Exploration vs Exploitation

A central concept in reinforcement learning (RL from now on) is the balancing of exploration and exploitation. In concrete terms; when your RL chess agent is about to make its next move should it

Pick the move it thinks is the best
Admit it might not know everything and pick another, possibly very different move

Always exploiting and picking the best move according to your current knowledge leads to local minima. The agent knows a couple of good moves and it will try to bend the world to fit its one good move.

Always exploring leads to fragmented and distracted play. The agent will appear to make no progress because it has no way to connect and make use of its previous knowledge.
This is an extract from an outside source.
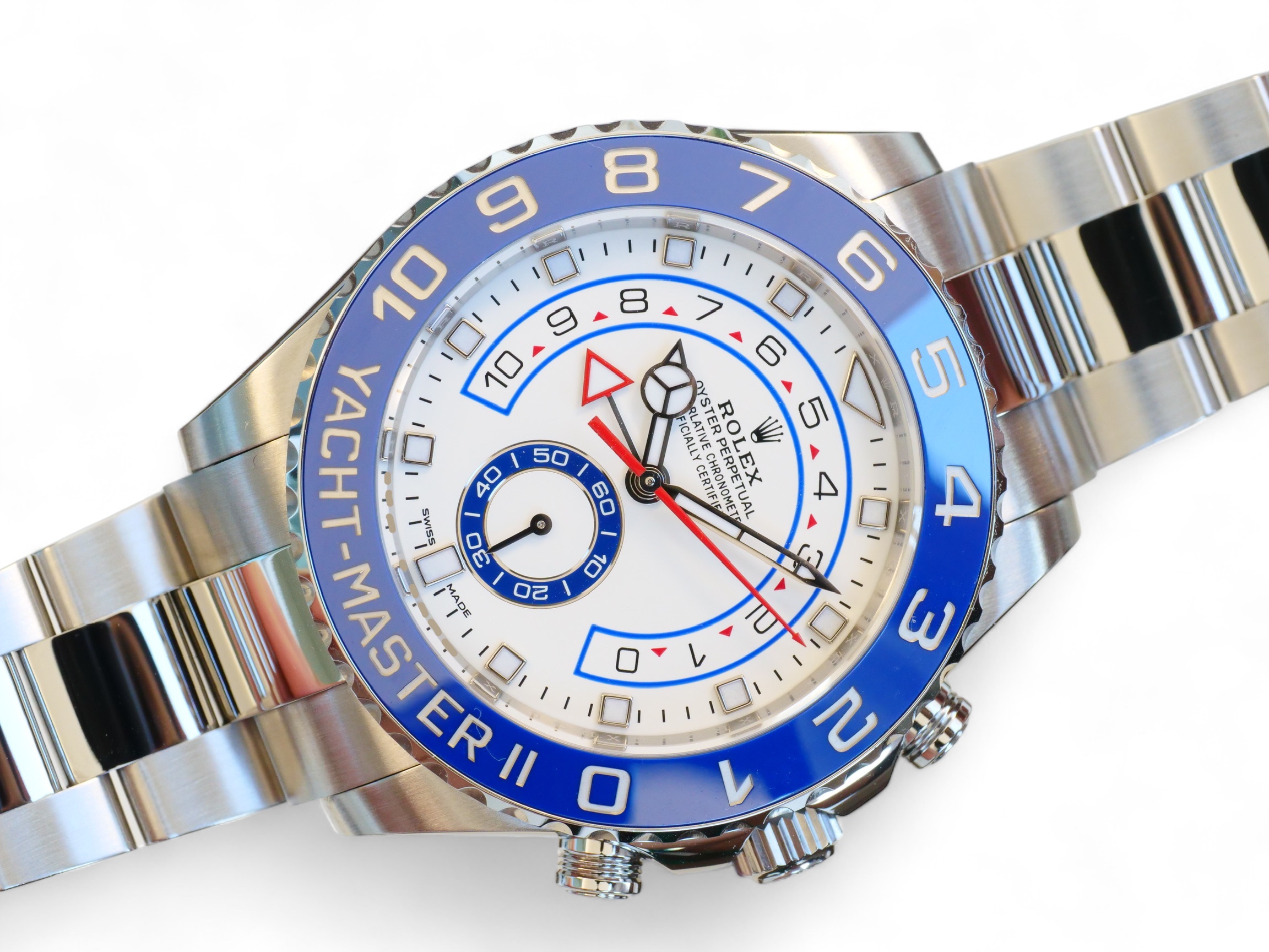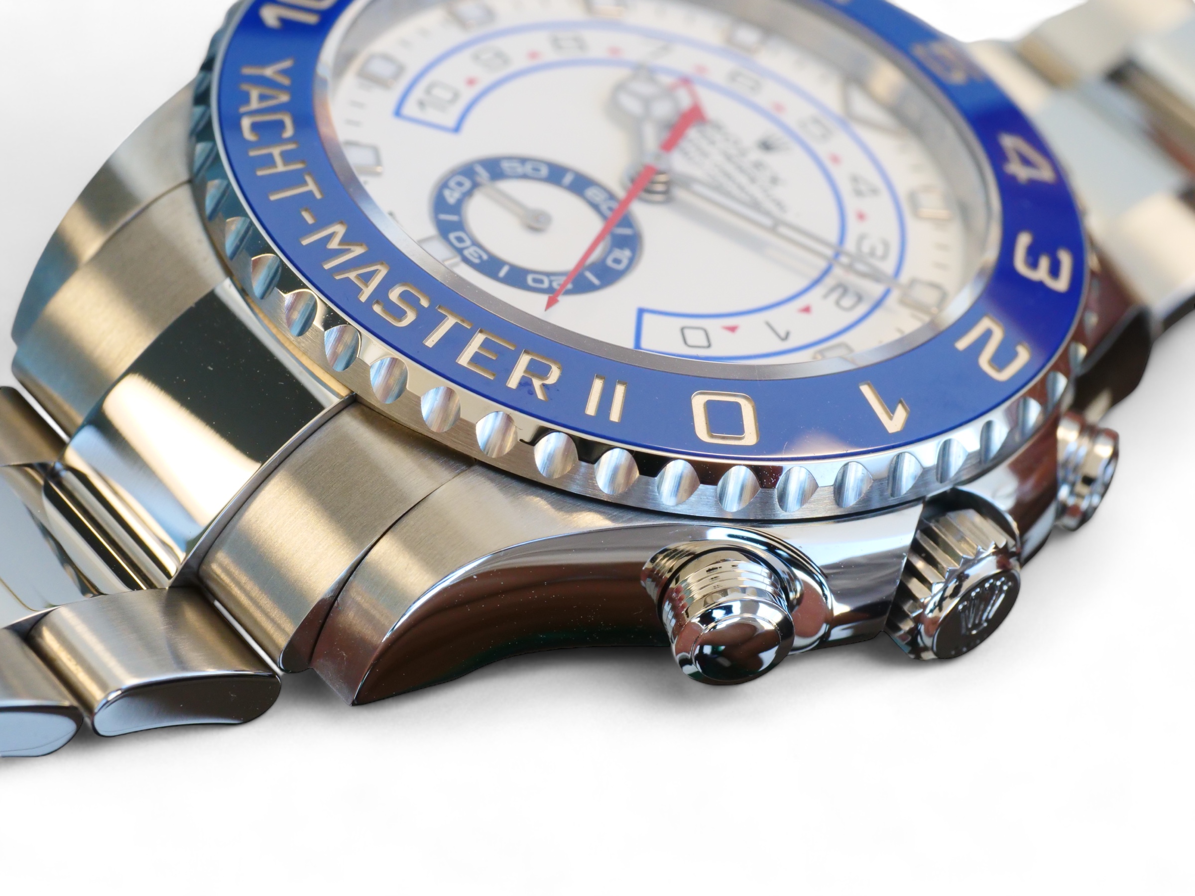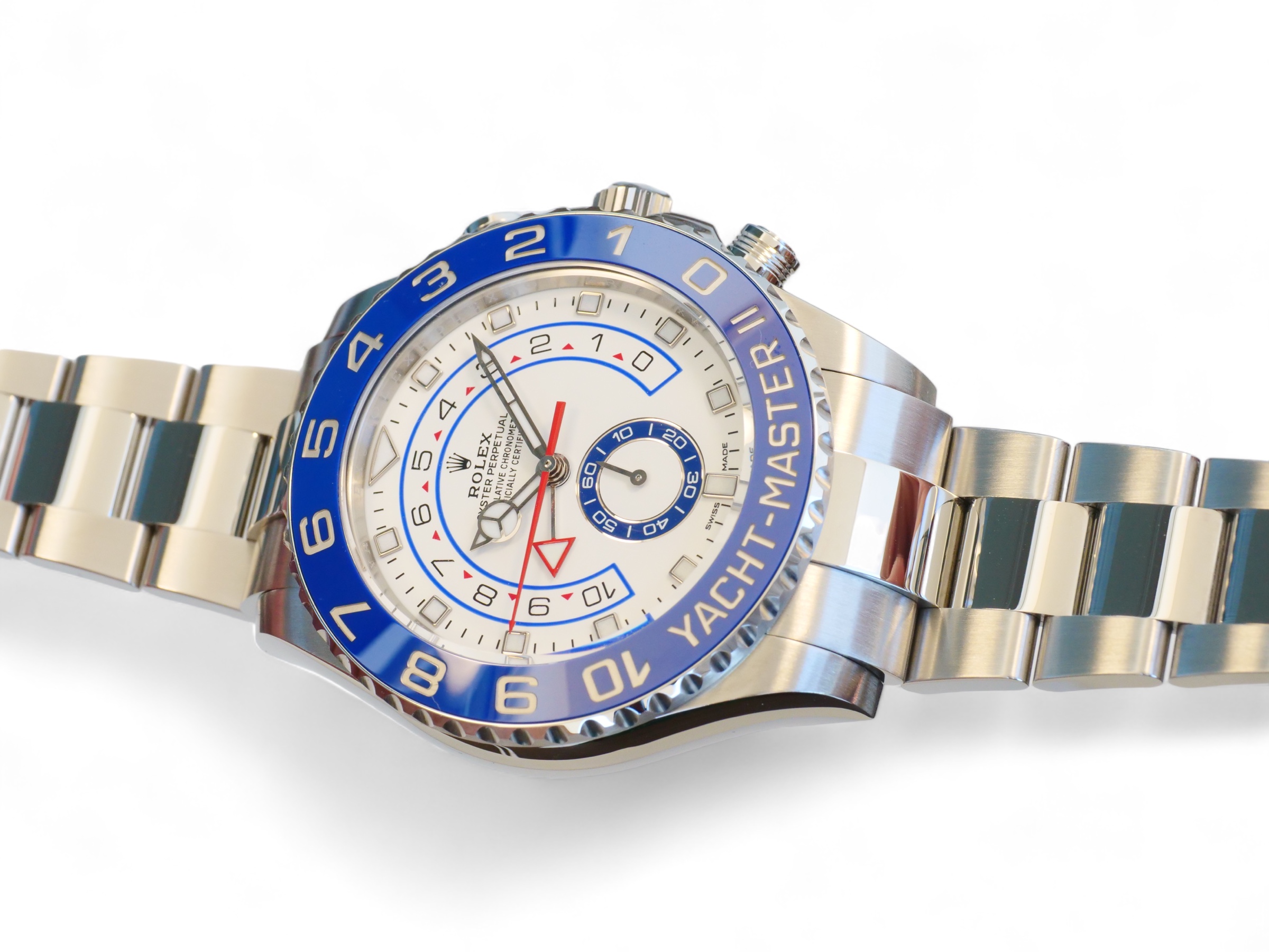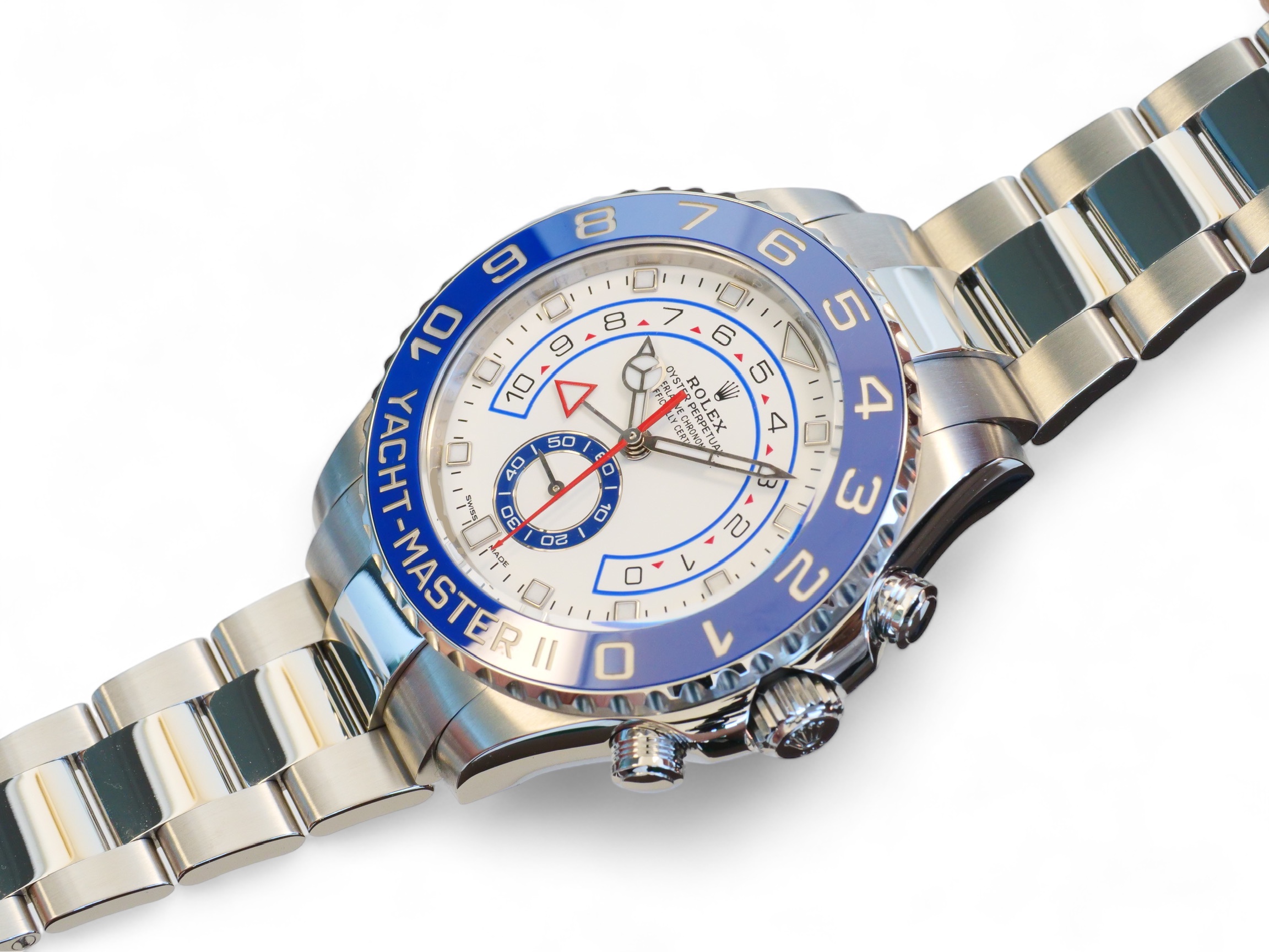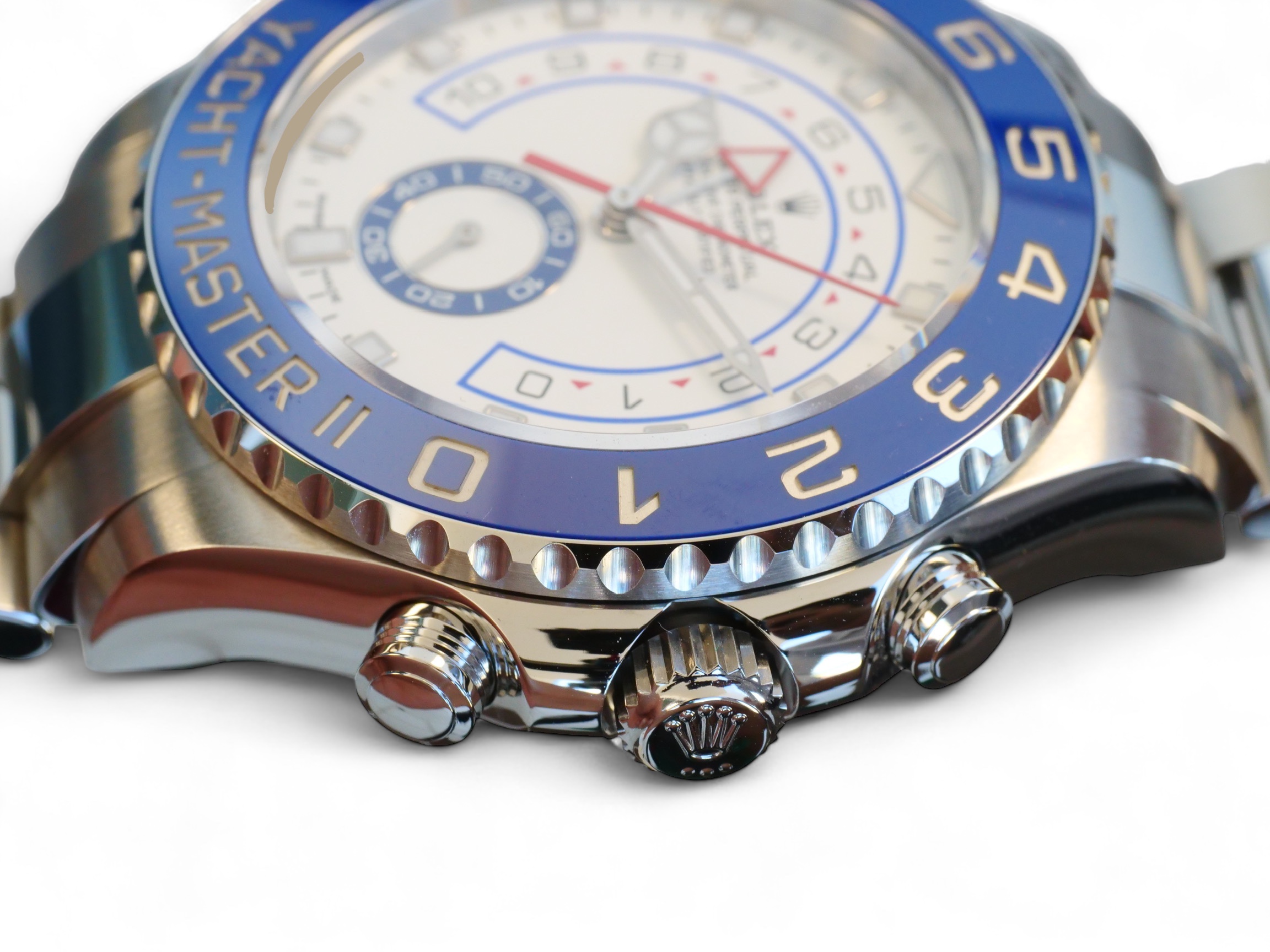On offer for sale is a highly attractive and beautiful Rolex Yachtmaster-II in Oystersteel in the latest configration with Mercedes shaped dial hands.

The two stereotypes listed above are of RL agents, but most of us have run into humans with the same characteristic. It appears the balancing of exploration and exploitation is relevant to us as well. Maybe we could learn a thing or two from reinforcement learning.

The field of reinforcement learning have long figured out good values for this tradeoff. The simple strategy is to exploit 95% of the time. If you have to pick a single number this is the neighborhood you will want to be in. I guess it makes sense that Google abandoned their 20% time. Too much exploration.
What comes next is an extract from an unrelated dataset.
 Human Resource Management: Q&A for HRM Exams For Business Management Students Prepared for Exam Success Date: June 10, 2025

A more nuanced strategy is to put the exploitation percentage even higher initially and then gradually decrease it to the 95%. The reasoning for this is that very exploitative agents tend to do well early one, they get good knowledge of reasonably effective strategies fast. They just tend to get stuck in them, hence the gradual decrease in exploitation percentage.

Translated to human terms this means that you should spend 5% of your time exploring new options. This comes out to one day per month. Or two weeks per year if that is your preference. Does your workplace support 5% exploration?

The second takeaway for humans is to “do what works” when learning something new. Don't try to reinvent the wheel before you understand the status quo. However once you do understand the status quo please try to reinvent the wheel. At least 5% of the time!